What to do = Below are records with pictures in them; print them exactly, omitting the pictures.
Task material: Begin
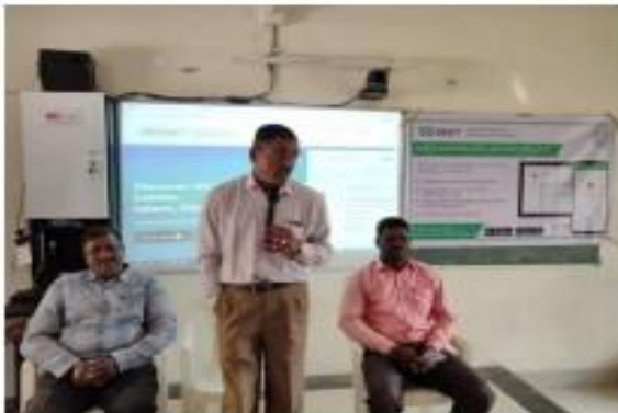
I) Principal Speech about DEET
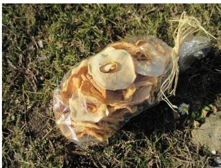
Slika 16: Vrečka suhega sadja

Gostje lahko Javorski hlebček na kmetiji tudi kupijo.
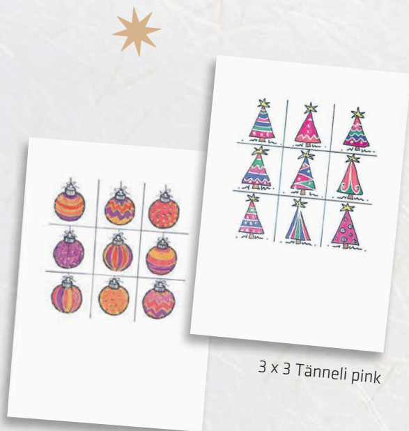
3x3 Weihnachtskugeln rot

Karten und Geschenke von Wisli sind etwas ganz Besonderes. Mit grosser Sorgfalt und Liebe zum Detail von Hand gefertigt, sind sie ein perfekter Festtagsgruss. Die Karten sind mit Silber und Glimmer verfeinert – jedes Exemplar ist ein Unikat. Alle Karten werden mit Einlageblatt und einem Couvert geliefert.
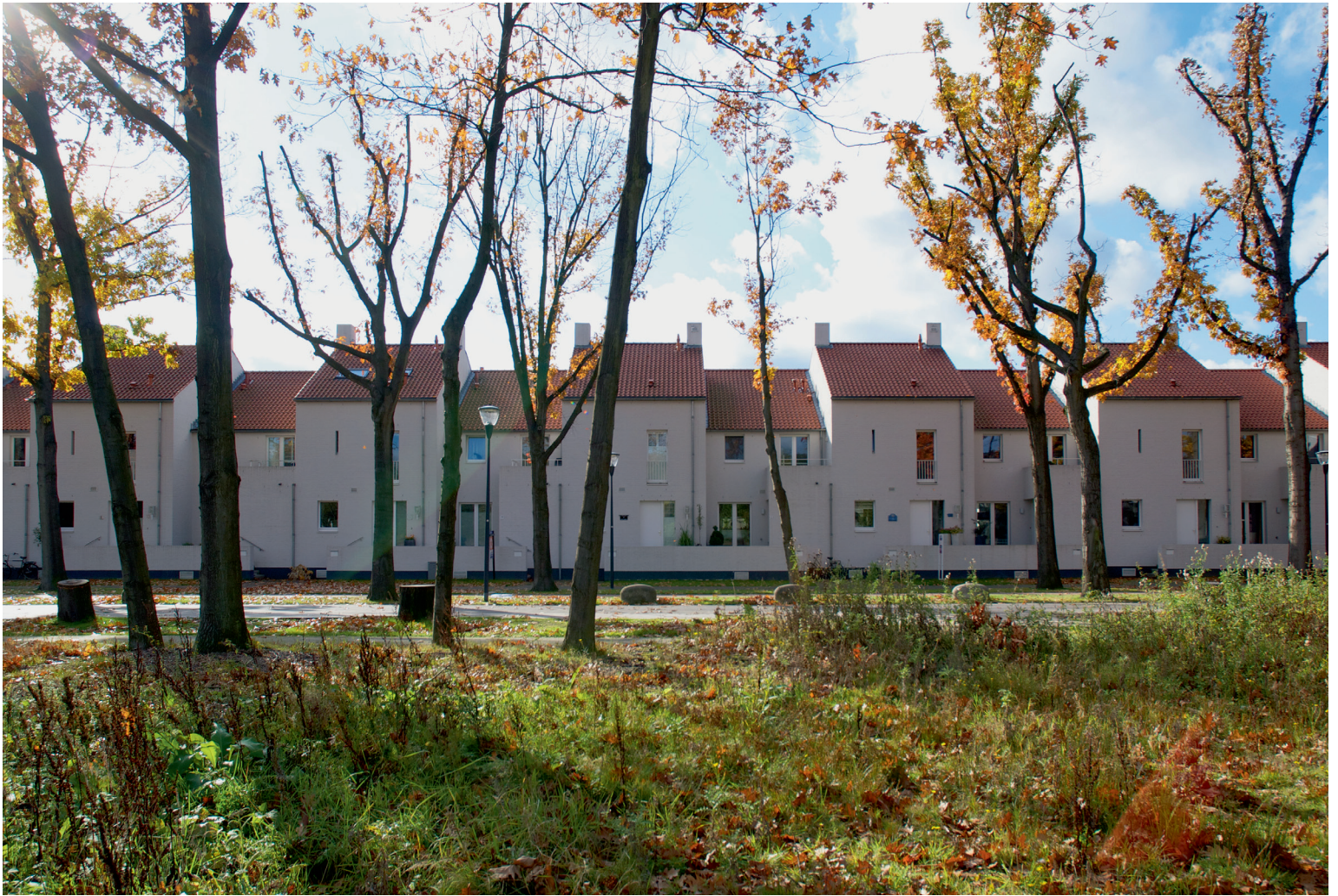
Woningen Sliffertsestraat Sliffertsestraat dwellings

Jos. Bedaux - architect (1910-1989) (Rotterdam: Stichting Bonas, 2010)
Task material: End
Problem solution =
I) Principal Speech about DEET
Slika 16: Vrečka suhega sadja

Gostje lahko Javorski hlebček na kmetiji tudi kupijo.
3x3 Weihnachtskugeln rot

Karten und Geschenke von Wisli sind etwas ganz Besonderes. Mit grosser Sorgfalt und Liebe zum Detail von Hand gefertigt, sind sie ein perfekter Festtagsgruss. Die Karten sind mit Silber und Glimmer verfeinert – jedes Exemplar ist ein Unikat. Alle Karten werden mit Einlageblatt und einem Couvert geliefert.
Woningen Sliffertsestraat Sliffertsestraat dwellings

Jos. Bedaux - architect (1910-1989) (Rotterdam: Stichting Bonas, 2010)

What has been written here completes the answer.